Subject: S7-32-22: WebForm Comments from Samuel K
From: Samuel K
Affiliation:

Dec. 28, 2022

December 28, 2022

 I am a Singaporean, but I invest in US-listed stocks.

I welcome the SEC's move towards requiring Best Execution policies and procedures and in particular the requirement for dealing with conflicted transactions. However, I believe that the SEC's proposal could go further by introducing an outright ban on payment for order flow (PFOF).

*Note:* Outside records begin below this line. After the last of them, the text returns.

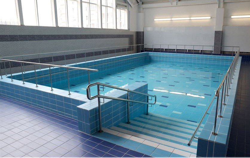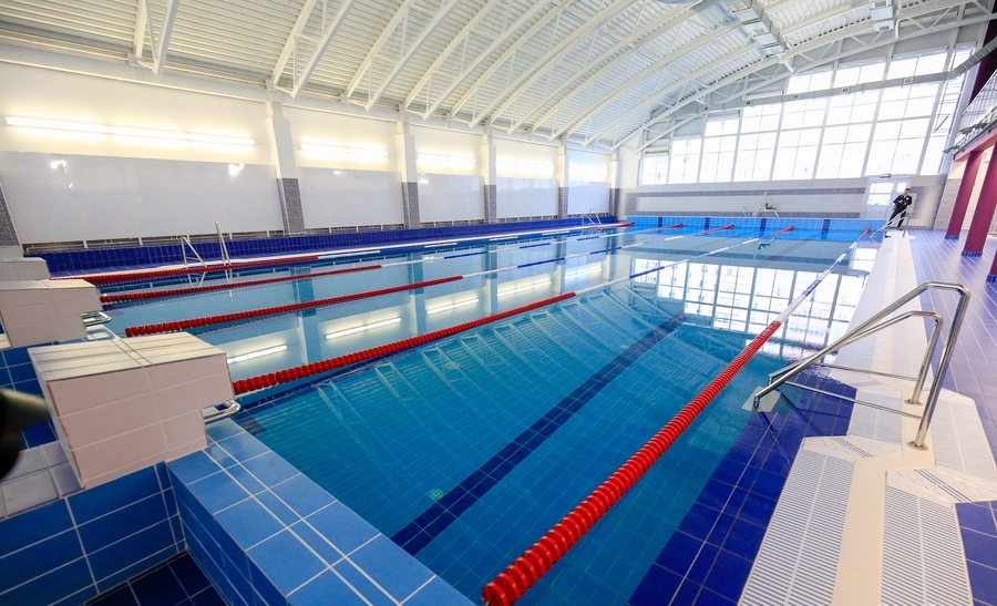 Вход в бассейн предусмотрен отдельный. Предполагается, что посещать плавательный комплекс смогут не только учащиеся новостройки, но и жители микрорайона. Чаши бассейна уже заполнены, водная гладь так и манит поплавать. А когда будет можно?
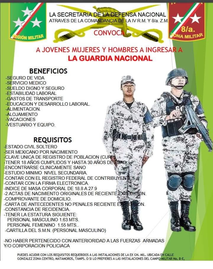La Comandancia de la Guardia Nacional convoca a hombres y mujeres que deseen formar parte de esta institución de seguridad pública y servir a la nación con legalidad, objetividad, eficiencia, profesionalismo, honradez, respeto irrestricto a los derechos humanos, mediante un proceso de reclutamiento
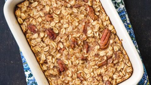 When I need something simple but comforting, this baked oatmeal is my go-to recipe. It smells like banana bread but is full of hearty oats, nuts, and ground flaxseeds.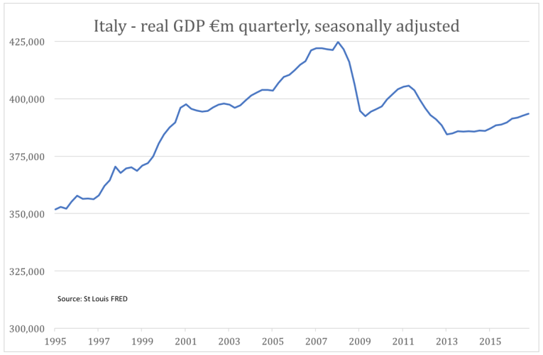 GDP is today’s standard measure of economic performance, and it shows that the volume of consumer transactions in Italy today is well below the record achieved in 2008, before the financial crisis. That’s still down over 7% after eight years.

I note that there is a similar requirement coming into force in Singapore under the Guidelines to Notice SFA04-N16 on Execution of Customers' Orders issued by the Monetary Authority of Singapore (MAS), where there is an outright ban on PFOF (see paragraph 6 of the above Guidelines). As noted by the MAS, PFOF introduces conflicts of interests and is likely to cause harm to customers as the broker may be incentivized to pursue commission or other form of payment from another broker or counterparty in return for routing customers orders to that broker or counterparty for its own benefit. This is inconsistent with the brokers duty to provide Best Execution to customers. For instance, PFOF may lead to poorer outcomes for customers as additional costs may be passed to the brokers customers, such as through wider bid-ask spreads from the other broker or counterparty who agrees to pay PFOF in return for obtaining customers order flow from the broker.